*** Opening INFORMATION PROVIDED ***
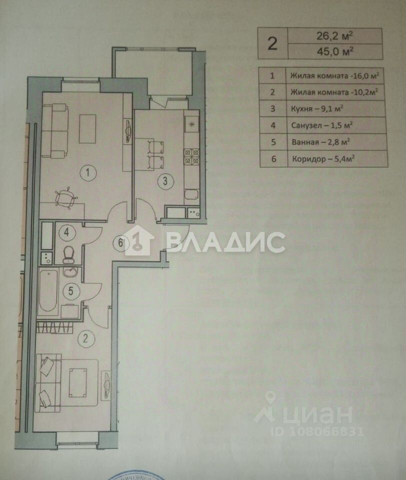 Общая площадь квартиры составляет 45,6 кв. м, из которых 26,2 кв. м — жилая площадь. Две комнаты (16 и 10,2 кв. м) идеально подойдут для разных целей: например, гостиной и спальни. Кухня площадью 9,1 кв. м станет местом для воплощения кулинарных фантазий.
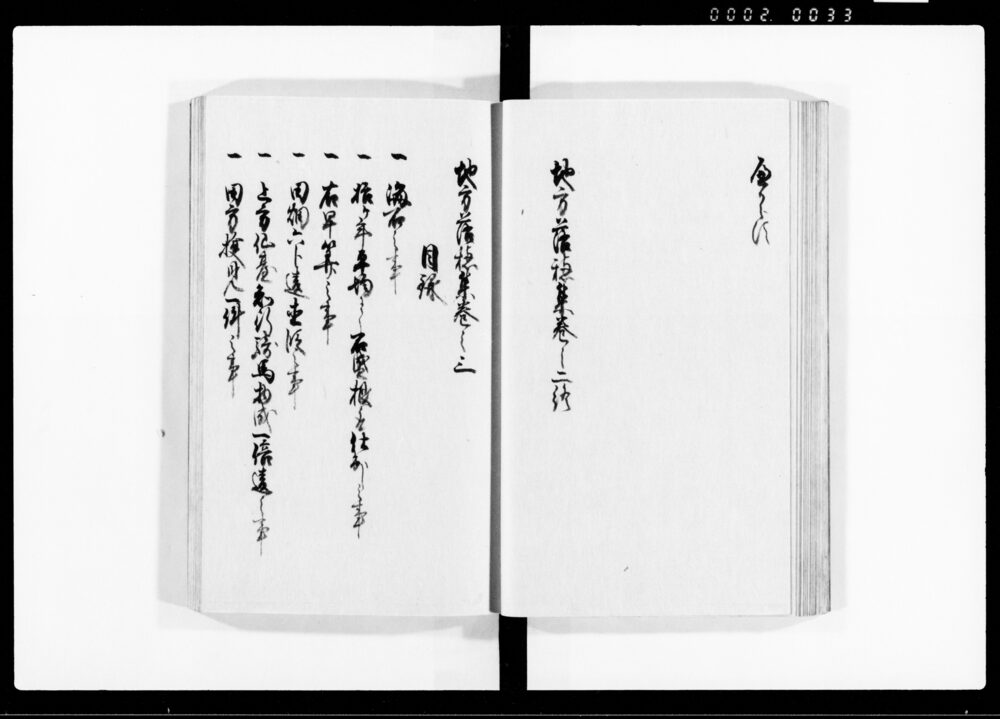 | 2 | ![]() | 90379223 | 改正地方落穂集 壱 Jikata Ochiboshū, Revised, Vol. 1 (Collection of Regional Laws, Regulations, and Practices) | [江戸時代] 17~19世紀 | 24.0cm x 16.0cm | |
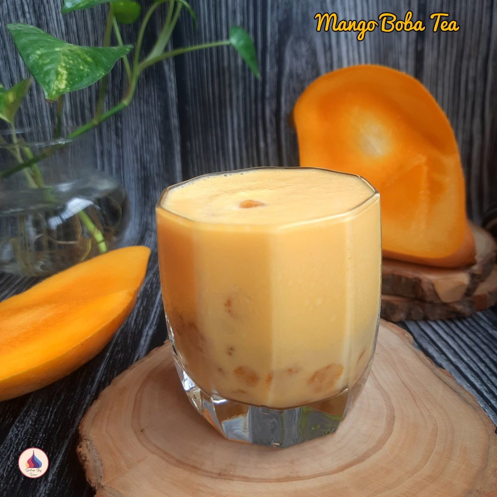Add 1/2 cup of boba pearls to a glass, top with ice, and pour in the mango milk.
*** Closing INFORMATION PROVIDED ***
* WHAT YOU SHOULD DO *
Transcribe the material as is, with images omitted.

* PROBLEM SOLUTION *
 Общая площадь квартиры составляет 45,6 кв. м, из которых 26,2 кв. м — жилая площадь. Две комнаты (16 и 10,2 кв. м) идеально подойдут для разных целей: например, гостиной и спальни. Кухня площадью 9,1 кв. м станет местом для воплощения кулинарных фантазий.
 | 2 | ![]() | 90379223 | 改正地方落穂集 壱 Jikata Ochiboshū, Revised, Vol. 1 (Collection of Regional Laws, Regulations, and Practices) | [江戸時代] 17~19世紀 | 24.0cm x 16.0cm | |
Add 1/2 cup of boba pearls to a glass, top with ice, and pour in the mango milk.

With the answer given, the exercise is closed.